- Aim of the exercise -
What is needed is an exact repetition of the lines below, from the first one through the one holding "心血管疾患(CVD)は世界的", with no pictures and nothing else.

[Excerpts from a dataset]
******

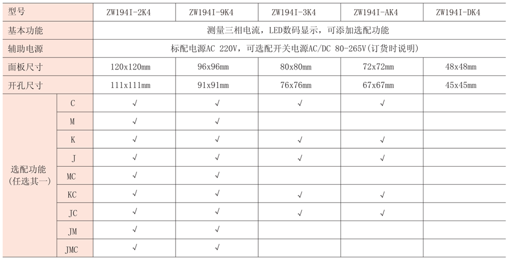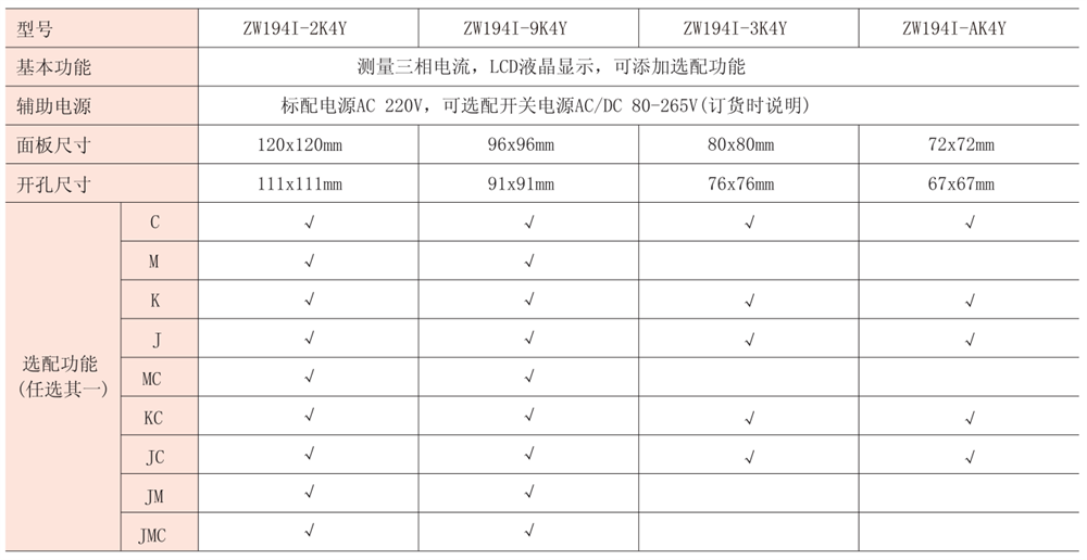 注:“√”代表可選配置,“J”代表報(bào)警輸出,“M”代表模擬量輸出,“K”代表開關(guān)量輸入,“C”代表
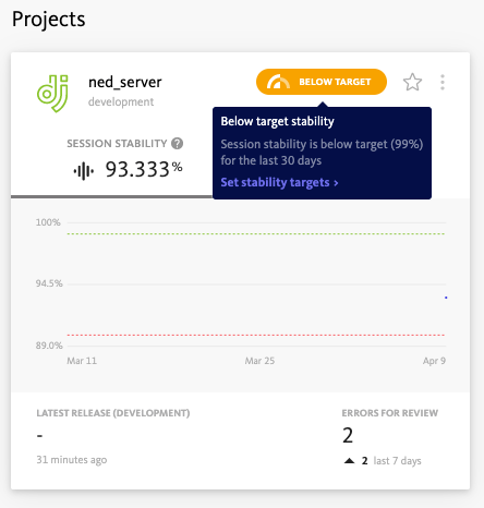 You can set stability targets and see trends of how your team is performing against the targets.
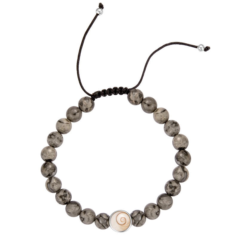 Tout en nuance, ce bracelet coulissant marie la douceur des pierres à l’éclat naturel d’un véritable œil de Sainte-Lucie méditerranéen. Ses tons gris et blanc évoquent une lumière calme, celle qui glisse sur la peau et accompagne les gestes sans jamais les alourdir.
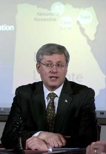 01/02/2011 Personaggi ITALY ONLY - IL PRIMO MINISTRO CANADESE IN UN BRIEFING CON IL SUO MINISTRO DEGLI ESTERI SULLA SITU ...
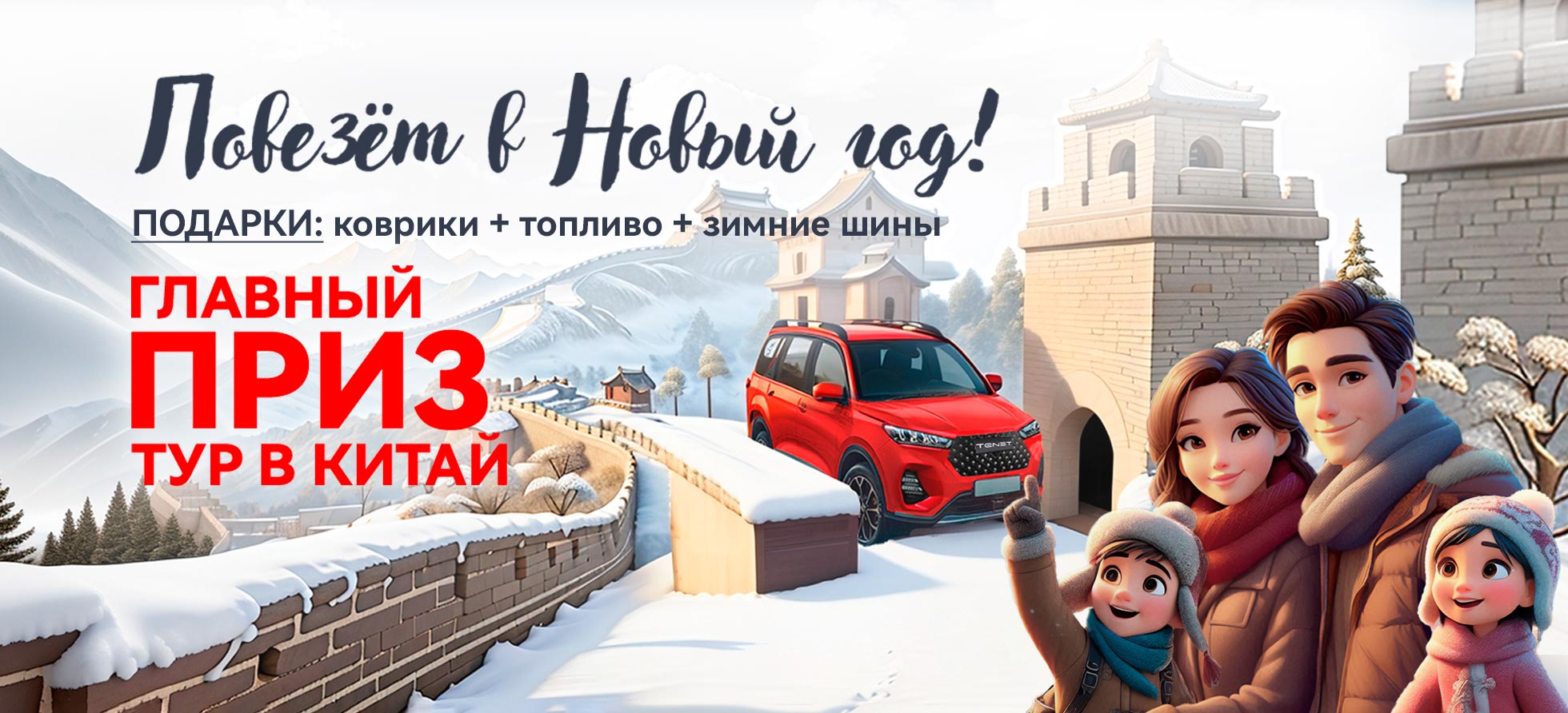 При покупке автомобиля получите в подарок зимние шины, коврики, топливо, а также участвуйте в розыгрыше поездки в Китай и множества других призов!
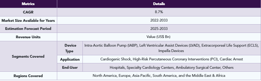 心血管疾患(CVD)は世界的な健康問題であり、世界中の疾病と死亡の主要な要因の一つです。高齢化、運動不足の生活様式、不健康な食習慣、肥満や糖尿病の増加により、急性心筋梗塞(心臓発作)や慢性心不全の発生率が上昇しています。急性心筋梗塞や慢性心不全を含む心臓関連疾患の増加傾向は、医療従事者が重要な医療処置中の患者転帰改善のために経皮的機械的循環補助(pMCS)デバイスを活用する原動力となっている。
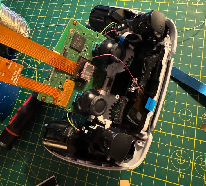 Pulling this kit off is not difficult*, but I say that as someone who regularly makes keyboards from scratch so maybe I am not a trustworthy narrator. If you can handle an advanced Lego kit you could probably do the basic version of this with only a little trouble. You simply disassemble it, unplug the ribbon cables when you need to, keep all your parts in the appropriate areas, add your mods in there, and then put it all back together with a new shell, threading a flexible PCB into the weirdly alien-looking rear paddle array. If everything goes off without a hitch, you should be able to check using an LED light at the top of the weird alien fin you have now affixed to your game controller.
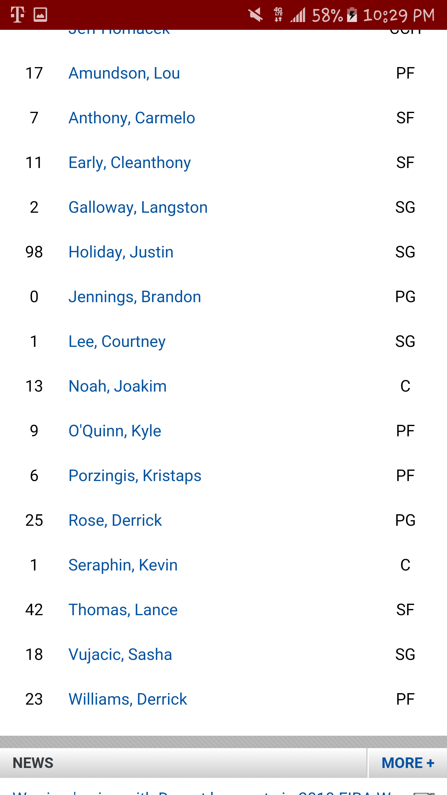 Rose, Lee, Melo, Porzingas, Noah starting 5.
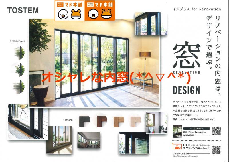 ☆窓のお困りゴト☆👉樹脂内窓「インプラス」なら、悩まず、解決できます!(^O^)/その理由は、❶優れた断熱効果❷日射熱を防ぐ遮熱効果❸快適な空間を保つ遮音効果こだわり抜いた「リノベーション」に最適な「特殊カラー」も4色取り揃えています
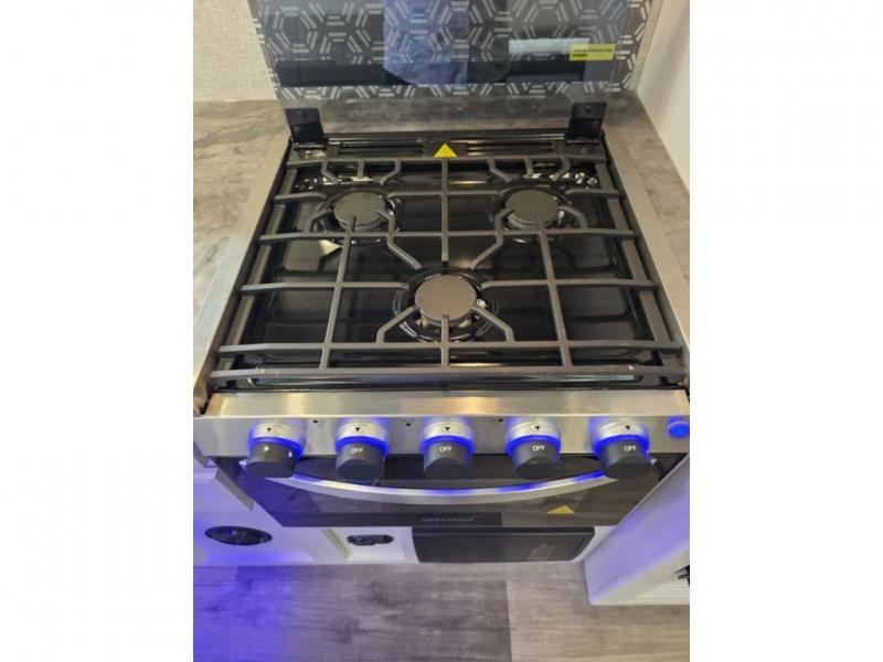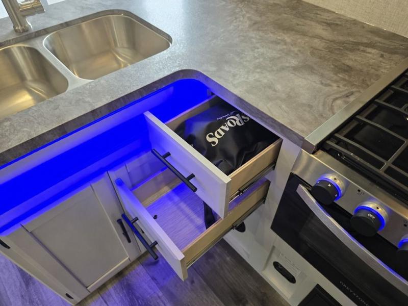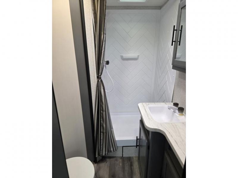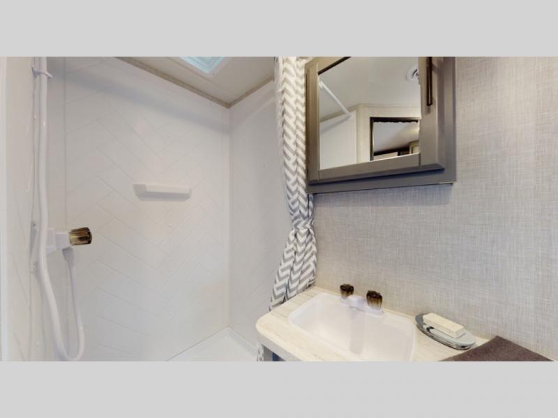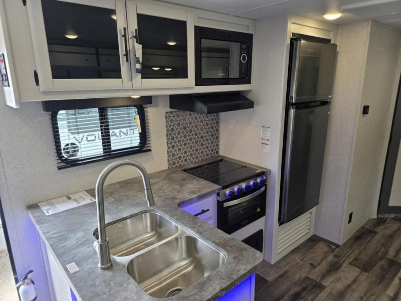 Each Volante fifth wheel or travel trailer by CrossRoads RV includes features and options that will enhance your camping experience. The fiberglass front cap is sure to be eye-catching, and you can plan to camp year around with the fully enclosed and forced air heated underbelly. There is also an outside shower, an electric awning with LED lights, outdoor speakers with LED accents, plus many more exterior conveniences. The interior of each Volante will have you feeling right at home with premium residential furniture, coordinating window treatments in the bedroom, nightstands with outlets in the bedroom, plus USB ports to keep your electronics charged. You will also appreciate a 13,500 BTU A/C, plus solar power prep and WiFi prep if you need to get some work done while you're away from home.
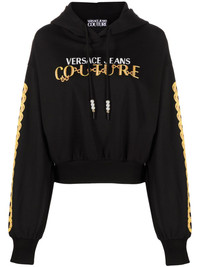 Logo Couture-print hoodie This hoodie by Versace Jeans Couture is crafted from cotton and elevated by the Logo Couture print. Notice the pearls at the drawstring for a modern look. Highlights - Black/white/ochre yellow - Cotton - Logo print at the chest - Logo print at the sleeve - Faux-pearl detailing - Drawstring hood - Long sleeves Imported Composition Cotton 100% SIZE & FIT Model measurements Height 5 ft 10 in(1.77 m) Bust/Chest 32.67 in(83 cm) Hips 35.43 in(90 cm) Waist 23.62 in(60 cm) FittingInformation Designed to be unstructured, offering a loose fit throughout Made from a midweight non-stretch fabric, this piece offers minimal elasticity when worn This piece fits true to size – take your usual size

******

- Reply to the task -
 注:“√”代表可選配置,“J”代表報(bào)警輸出,“M”代表模擬量輸出,“K”代表開關(guān)量輸入,“C”代表
 You can set stability targets and see trends of how your team is performing against the targets.
 Tout en nuance, ce bracelet coulissant marie la douceur des pierres à l’éclat naturel d’un véritable œil de Sainte-Lucie méditerranéen. Ses tons gris et blanc évoquent une lumière calme, celle qui glisse sur la peau et accompagne les gestes sans jamais les alourdir.
 01/02/2011 Personaggi ITALY ONLY - IL PRIMO MINISTRO CANADESE IN UN BRIEFING CON IL SUO MINISTRO DEGLI ESTERI SULLA SITU ...
 При покупке автомобиля получите в подарок зимние шины, коврики, топливо, а также участвуйте в розыгрыше поездки в Китай и множества других призов!
 心血管疾患(CVD)は世界的な健康問題であり、世界中の疾病と死亡の主要な要因の一つです。高齢化、運動不足の生活様式、不健康な食習慣、肥満や糖尿病の増加により、急性心筋梗塞(心臓発作)や慢性心不全の発生率が上昇しています。急性心筋梗塞や慢性心不全を含む心臓関連疾患の増加傾向は、医療従事者が重要な医療処置中の患者転帰改善のために経皮的機械的循環補助(pMCS)デバイスを活用する原動力となっている。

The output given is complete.